# Streams

Streams allow concurrent execution of GPU operations. By default, all Quadrants kernels launch on the default stream, which serializes everything. With streams, you can run multiple top-level for loops in parallel.

## Supported platforms

| Backend | Supported |
|---------|-----------|
| CUDA    | Yes       |
| AMDGPU  | Yes       |
| CPU     | No-op     |
| Metal   | No-op     |
| Vulkan  | No-op     |

On backends without native stream support, stream operations are no-ops and for loops run serially. Code using streams is portable across all backends — it will run without modifications, but serially.

## Stream parallelism

Inside a `@qd.kernel`, each `with qd.stream_parallel():` block runs on its own GPU stream.

```python
import quadrants as qd

qd.init(arch=qd.cuda)

N = 1024
a = qd.field(qd.f32, shape=(N,))
b = qd.field(qd.f32, shape=(N,))
c = qd.field(qd.f32, shape=(N,))

@qd.kernel
def compute_ab():
    with qd.stream_parallel():
        for i in range(N):
            a[i] = compute_a(i)
    with qd.stream_parallel():
        for j in range(N):
            b[j] = compute_b(j)

@qd.kernel
def combine():
    for i in range(N):
        c[i] = a[i] + b[i]

compute_ab()  # the two stream_parallel blocks run concurrently
combine()     # runs after compute_ab() returns — a[] and b[] are ready
```

Consecutive `with qd.stream_parallel():` blocks run concurrently.
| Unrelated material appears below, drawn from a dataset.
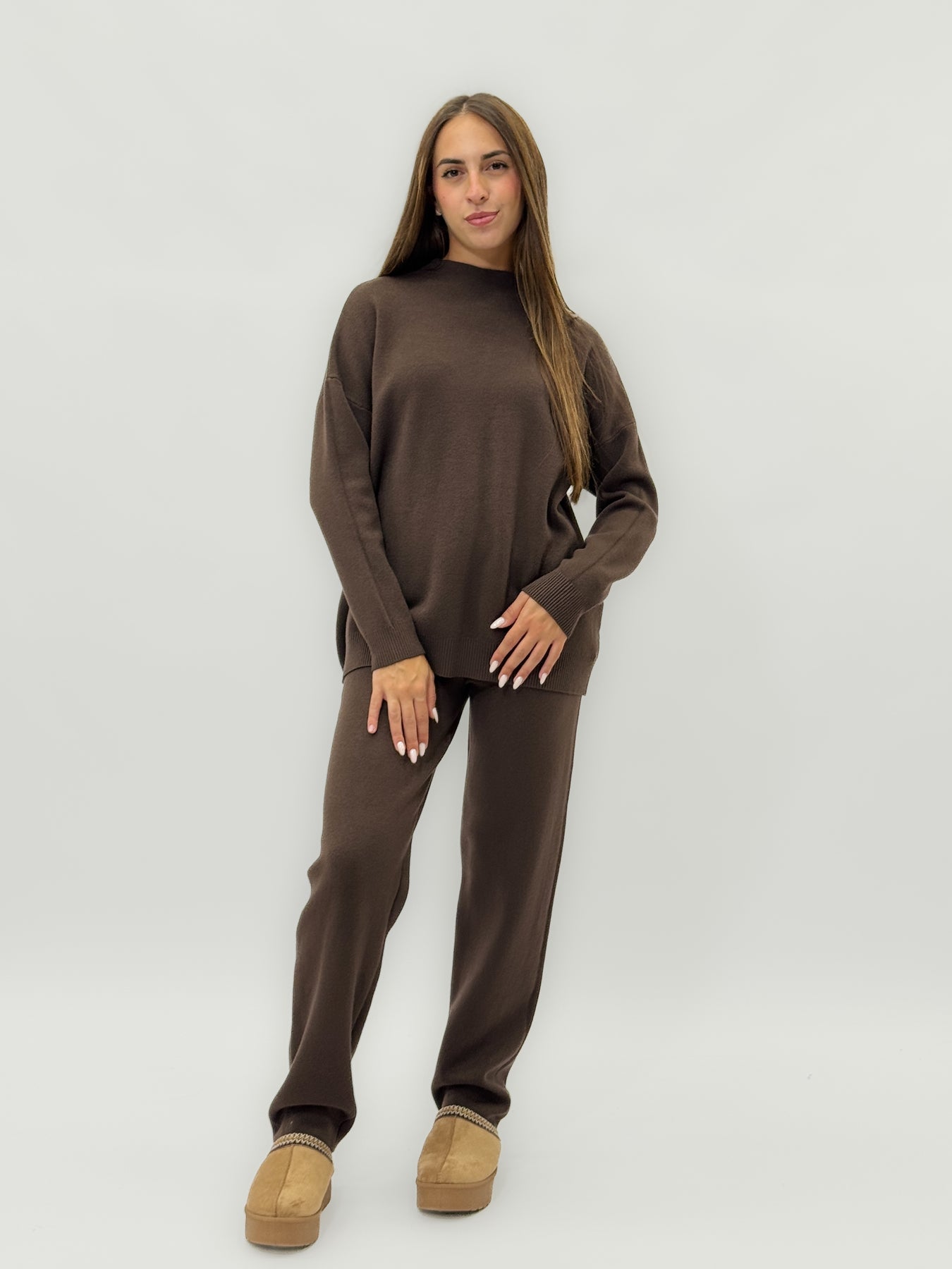 Completo donna in maglia, composto da maglione a collo alto morbido e pantalone lungo a gamba dritta. Stile comfy chic, ideale per la stagione fredda. Veste comodo.

Multiple for loops within a single block share a stream and run serially on it. All streams are synchronized before the kernel returns.

### Restrictions

- All top-level statements in a kernel must be either all `stream_parallel` blocks or all regular statements. Mixing the two at the top level is a compile-time error.
- Nesting `stream_parallel` blocks is not supported.

## Explicit streams

For cases that require manual control — such as launching separate kernels on different streams or interoperating with PyTorch — you can create and manage streams directly.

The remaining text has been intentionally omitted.